4 years, 10 months ago
Kant's categorical imperative is an expression of the bourgeois liberal ideas of the 18th century, expressed as morality. It is progressive in the sense that it attempts to derive morality from Reason. It is part of the Enlightenment. It also expresses the new, universal promises of the bourgeois revolutions in that it universalises (i.e. "All men are created equal"). It is based on the principle of universality. What you do must apply to all people or it fails to be truly moral.
However, it is also based on a bourgeois notion of rights. The concept of 'rights' is a product of the rise of bourgeois property/trade relations. One brings one's rights to the market place and, on that basis, one participates in the putatively level playing field. For Kant, one negotiates the conflicts between these rights on the basis of contractual clauses. If the Party of the First Part undertakes to do such and such, the Party of the Second part will be understood to be obliged to do so and so. It is this which finally inverts the universality of the notion into an entire bourgeois conception of individualism. Through this embedded notion of contractual obligations, the decision as to universal moral actions rests with the individual's willingness to enter into a personal contract regarding his conduct, his willingness to be bound.
The sting in the tail lies in the fact that different people will always have different notions as to what is or isn't universally desirable. One individual may consider it highly desirable that theft be considered universally immoral because they have a great personal interest in the institution of private property (i.e. because they own lots of it). Another (who perhaps owns little) may be prepared to risk universalising the permissability of theft if he thinks he can steal what he wants and then protect his stolen goods by force. Alternatively, there may be those who feel that there are worse prospects for the future than the fall of private property. And, in practice, the guardians of morality will always be ready to claim the universality of laws that they themselves break, simply because they take a more pragmatic view of Reason.
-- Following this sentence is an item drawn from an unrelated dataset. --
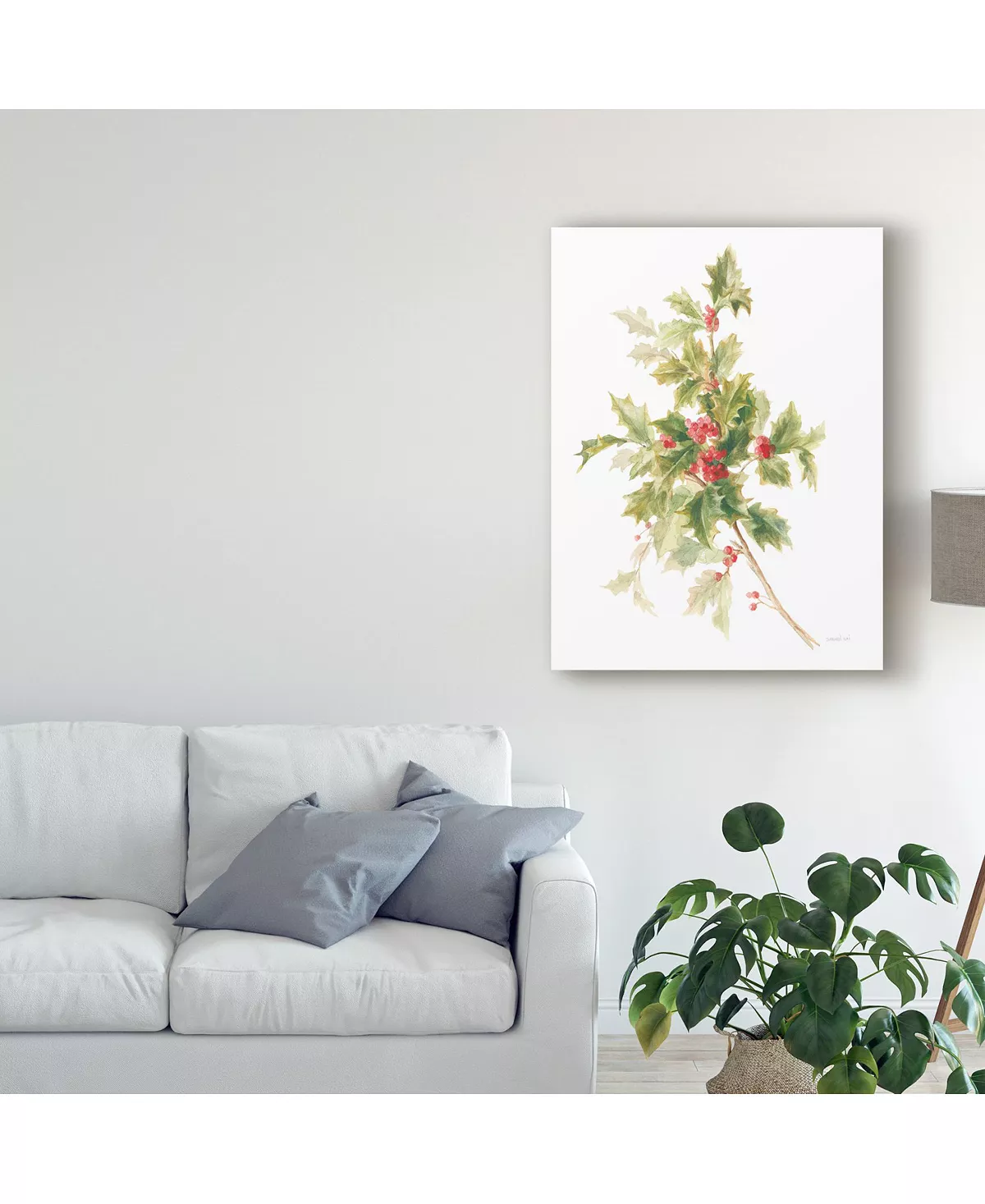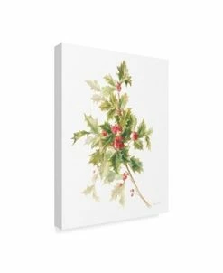 This ready to hang, gallery-wrapped art piece features a cluster of holly with red berries. Gallery-wrap is a method of wrapping an artist’s canvas around a hidden, wooden frame allowing for a frameless presentation.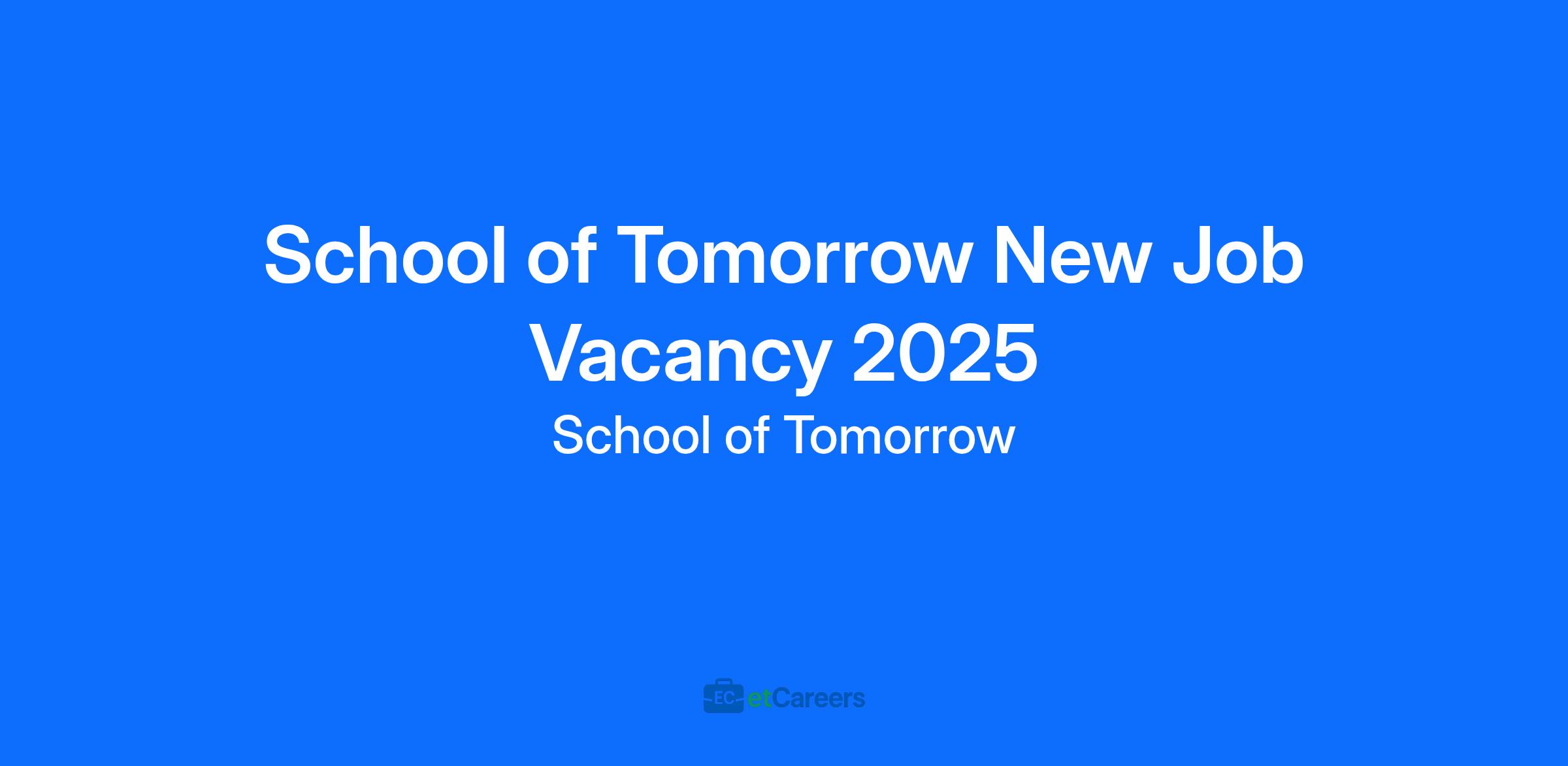 School of Tomorrow New Job Vacancy 2025

The R/reasonable promises of bourgeois liberalism and Enlightenment will always have such loopholes in their social contracts and, as a result, will always find themselves in full or partial, official or unofficial abeyance. The Enlightenment declared that all men were created equal, but oversaw (and, indeed, was partially built upon) all black men (and women) being crated
equally... for shipping. Why should a white man who profits from the slave trade care if 'enslave black people' became a universal moral maxim? He knows the colour of his own skin will exempt him from the chains, and the inequality of property and opportunity will protect him from universal business competition.